Activity: Please copy, exactly as written, the span from the first line below to the line that contains "Пожилая женщина в", including both, and skip the pictures.

Material supplied:

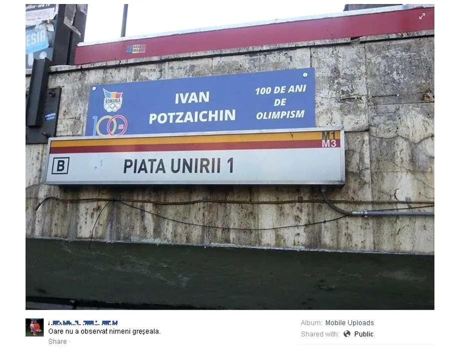Cum îl cheamă de fapt pe marele campion Ivan Patzaichin. ”Gafa” apărută la metroul din Piața Unirii
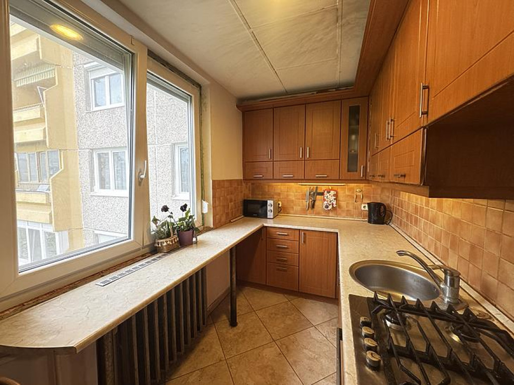 A konyha tágas, világos, nagy ablakkal rendelkezik, így a természetes fény szinte egész nap beárad. Bútora újabb, jó állapotú, a mindennapi használathoz kényelmes elrendezéssel, és beépített elektromos sütővel felszerelt.
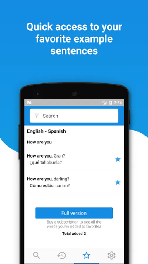 Quick access to your favorite example sentences.
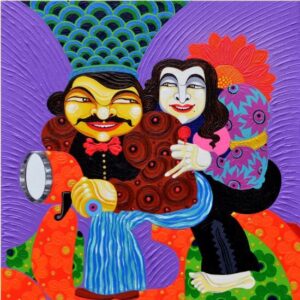 Pradiptaa Chakraborty, The Cosmopolitan Jamboree, Acrylic on canvas, 12×12 Inches, 2016
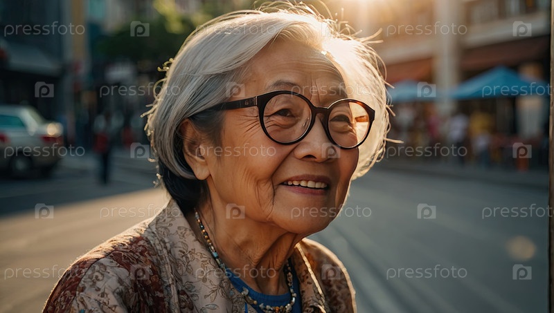 Пожилая женщина в круглых очках, кудрявые белые волосы, свет города на открытом воздухе, радостное лицо. пресбиопия, диабетическая ретинопатия, проблемы со зрением деталей, реклама для повышения осведомленности, старшие медиа-интервью, текстовая зона
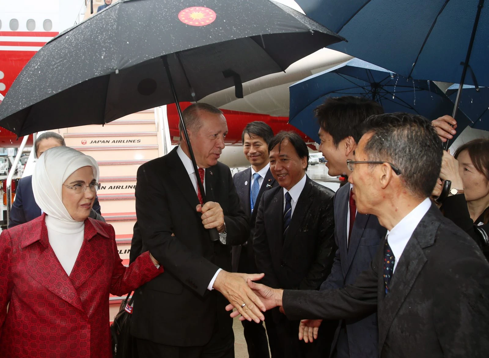 Japonya'nın Osaka şehrinde gerçekleştirilecek G20 Liderler Zirvesi'ne katılmak üzere dün Türkiye'den ayrılan Cumhurbaşkanı Recep Tayyip Erdoğan, bugün TSİ 06.15'te Osaka'nın Kansai Havaalanı'na indi. TC TRK uçağıyla Japonya'ya gelen ve Japonya Dışişleri Bakan Yardımcısı Kenji Yamada ve Türkiye'nin Tokyo Büyükelçişi Hasat Murat Mercan tarafından karşılanan Erdoğan'a eşi Emine Erdoğan'ın yanı sıra Dışişleri Bakanı Mevlüt Çavuşoğlu, Hazine ve Maliye Bakanı Berat Albayrak, Milli Savunma Bakanı Hulusi Akar, Cumhurbaşkanlığı İletişim Daire Başkanı Fahrettin Altun ve Cumhurbaşkanlığı Sözcüsü İbrahim Kalın da eşlik ediyor.
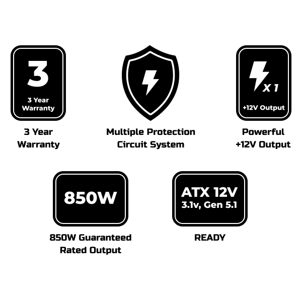 Supports a wide range of PC components. Minimal output voltage fluctuation. 12 V DC for stable system operation. Input voltage range – 200-240 V AC.
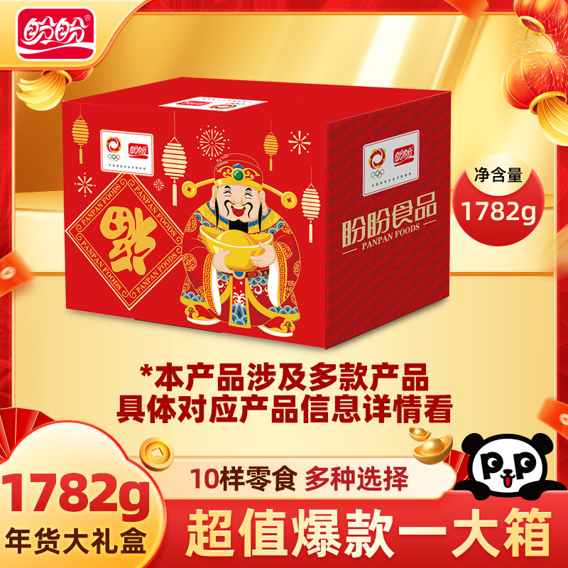 '盼盼财神到礼盒太棒了!巧克力味派香浓不腻,鸡味块和薯片都是我的最爱,乳酸菌面包也很健康,全家都爱吃!'、'年货送礼就选盼盼,包装喜庆,内容丰富,性价比超高!'
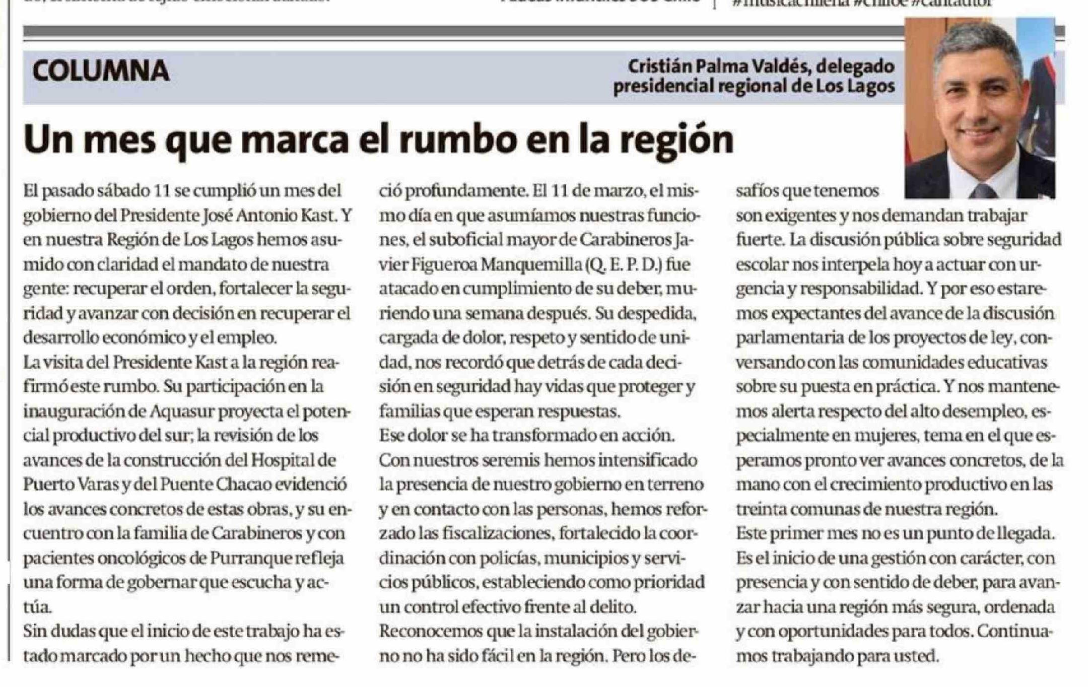 Fecha: 17-04-2026 Sector: Columnas de Opinión Región: Región de Los Lagos
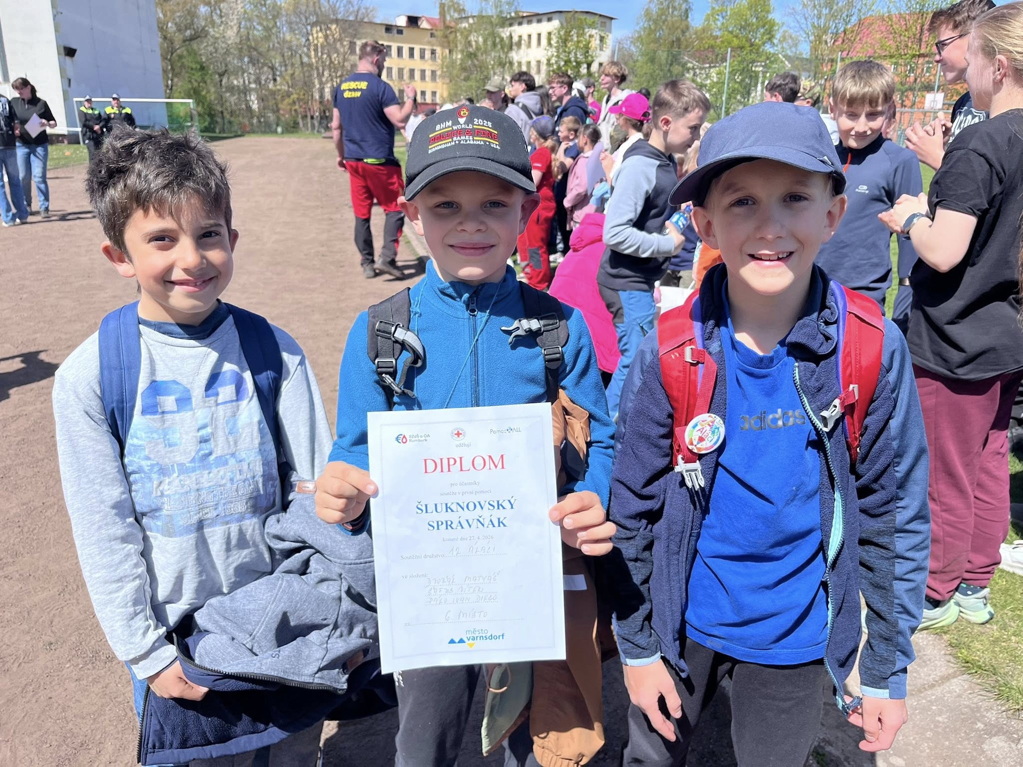 Maty, Ivan a Vítek – to bylo složení týmu Áláci z kroužku ZDRAVOTNÍČEK. Na dnešní soutěži SPRÁVŇÁK 2026, 8. ročník, obsadili krásné 6. místo z celkových 13 v kategorii 1. st. ZŠ. Tříčlenné týmy soutěžily v poskytování první pomoci v šesti modelových situacích pod dozorem zkušených záchranářů. Klukům se vedlo velice dobře, do řešení modelových situací se pustili s odvahou, využili vše, co se na kroužku naučili. Na co si nevzpomněli, si nechali vysvětlit a odešli s cennými zkušenostmi. A přestože to byla jejich první velká soutěž, byli výborní a my, Pája a Ála, jsme na ně moc pyšní, že v takové obrovské konkurenci skvěle reprezentovali DDM Varnsdorf.

Response box:
Cum îl cheamă de fapt pe marele campion Ivan Patzaichin. ”Gafa” apărută la metroul din Piața Unirii
 A konyha tágas, világos, nagy ablakkal rendelkezik, így a természetes fény szinte egész nap beárad. Bútora újabb, jó állapotú, a mindennapi használathoz kényelmes elrendezéssel, és beépített elektromos sütővel felszerelt.
 Quick access to your favorite example sentences.
 Pradiptaa Chakraborty, The Cosmopolitan Jamboree, Acrylic on canvas, 12×12 Inches, 2016
 Пожилая женщина в круглых очках, кудрявые белые волосы, свет города на открытом воздухе, радостное лицо. пресбиопия, диабетическая ретинопатия, проблемы со зрением деталей, реклама для повышения осведомленности, старшие медиа-интервью, текстовая зона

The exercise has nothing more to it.